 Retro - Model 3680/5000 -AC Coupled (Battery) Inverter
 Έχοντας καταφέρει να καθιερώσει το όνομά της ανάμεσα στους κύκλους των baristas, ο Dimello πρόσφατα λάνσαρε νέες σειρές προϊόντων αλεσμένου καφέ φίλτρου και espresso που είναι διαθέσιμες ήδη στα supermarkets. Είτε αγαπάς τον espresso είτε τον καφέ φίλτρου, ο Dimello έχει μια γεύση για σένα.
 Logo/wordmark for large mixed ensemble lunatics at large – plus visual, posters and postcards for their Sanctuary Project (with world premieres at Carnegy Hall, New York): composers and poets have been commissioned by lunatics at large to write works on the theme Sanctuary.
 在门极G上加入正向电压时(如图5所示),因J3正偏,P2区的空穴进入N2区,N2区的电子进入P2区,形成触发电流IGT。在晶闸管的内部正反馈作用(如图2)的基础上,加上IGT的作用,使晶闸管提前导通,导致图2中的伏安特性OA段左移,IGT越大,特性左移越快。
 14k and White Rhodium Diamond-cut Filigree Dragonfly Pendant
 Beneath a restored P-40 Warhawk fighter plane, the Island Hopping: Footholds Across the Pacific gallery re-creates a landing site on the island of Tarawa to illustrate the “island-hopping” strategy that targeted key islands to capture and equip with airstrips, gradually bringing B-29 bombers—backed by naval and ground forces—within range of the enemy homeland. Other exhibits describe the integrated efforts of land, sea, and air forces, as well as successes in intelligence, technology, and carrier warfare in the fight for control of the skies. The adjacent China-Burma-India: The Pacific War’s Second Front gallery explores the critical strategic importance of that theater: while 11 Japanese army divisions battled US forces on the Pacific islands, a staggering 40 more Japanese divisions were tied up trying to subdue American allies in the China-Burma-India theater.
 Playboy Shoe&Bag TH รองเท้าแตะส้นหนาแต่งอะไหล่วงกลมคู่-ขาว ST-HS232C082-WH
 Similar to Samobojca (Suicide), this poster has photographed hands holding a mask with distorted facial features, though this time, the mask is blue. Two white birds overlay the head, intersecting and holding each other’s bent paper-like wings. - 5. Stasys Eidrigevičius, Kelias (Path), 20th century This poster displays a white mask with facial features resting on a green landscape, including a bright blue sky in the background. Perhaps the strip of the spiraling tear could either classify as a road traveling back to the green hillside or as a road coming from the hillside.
--
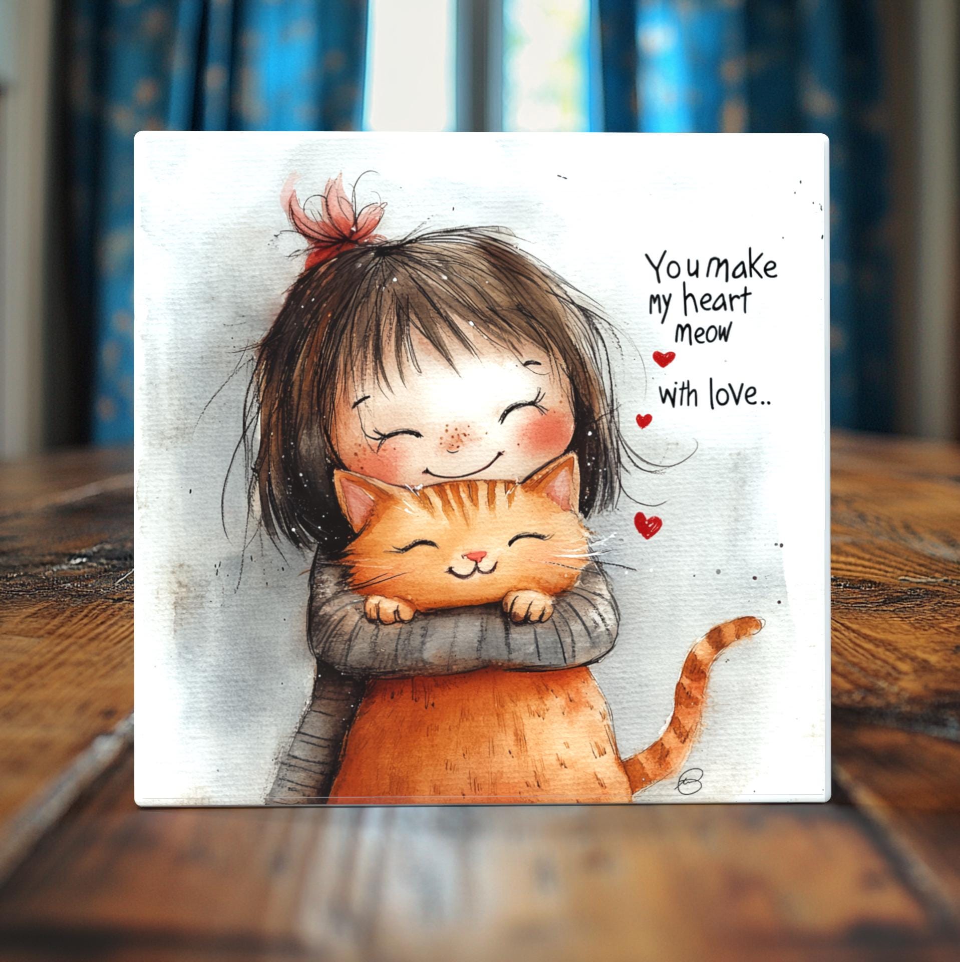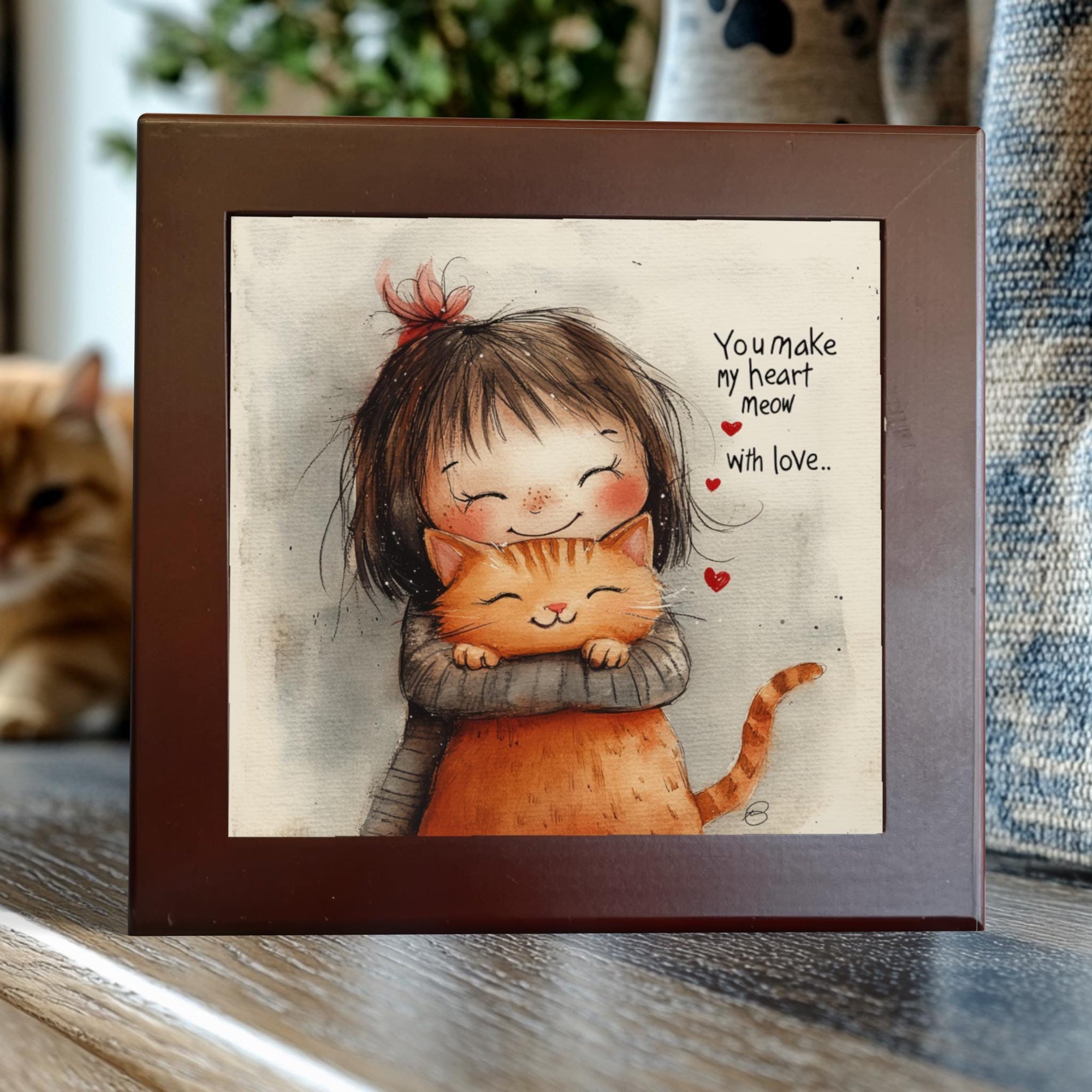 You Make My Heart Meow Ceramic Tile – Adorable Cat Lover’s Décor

--- Prompt ---
All that is wanted is a faithful reproduction of the line above with "Beneath a restored", the line with "Playboy Shoe&Bag TH", and every line in between.

--- Answer for this exercise ---
 Beneath a restored P-40 Warhawk fighter plane, the Island Hopping: Footholds Across the Pacific gallery re-creates a landing site on the island of Tarawa to illustrate the “island-hopping” strategy that targeted key islands to capture and equip with airstrips, gradually bringing B-29 bombers—backed by naval and ground forces—within range of the enemy homeland. Other exhibits describe the integrated efforts of land, sea, and air forces, as well as successes in intelligence, technology, and carrier warfare in the fight for control of the skies. The adjacent China-Burma-India: The Pacific War’s Second Front gallery explores the critical strategic importance of that theater: while 11 Japanese army divisions battled US forces on the Pacific islands, a staggering 40 more Japanese divisions were tied up trying to subdue American allies in the China-Burma-India theater.
 Playboy Shoe&Bag TH รองเท้าแตะส้นหนาแต่งอะไหล่วงกลมคู่-ขาว ST-HS232C082-WH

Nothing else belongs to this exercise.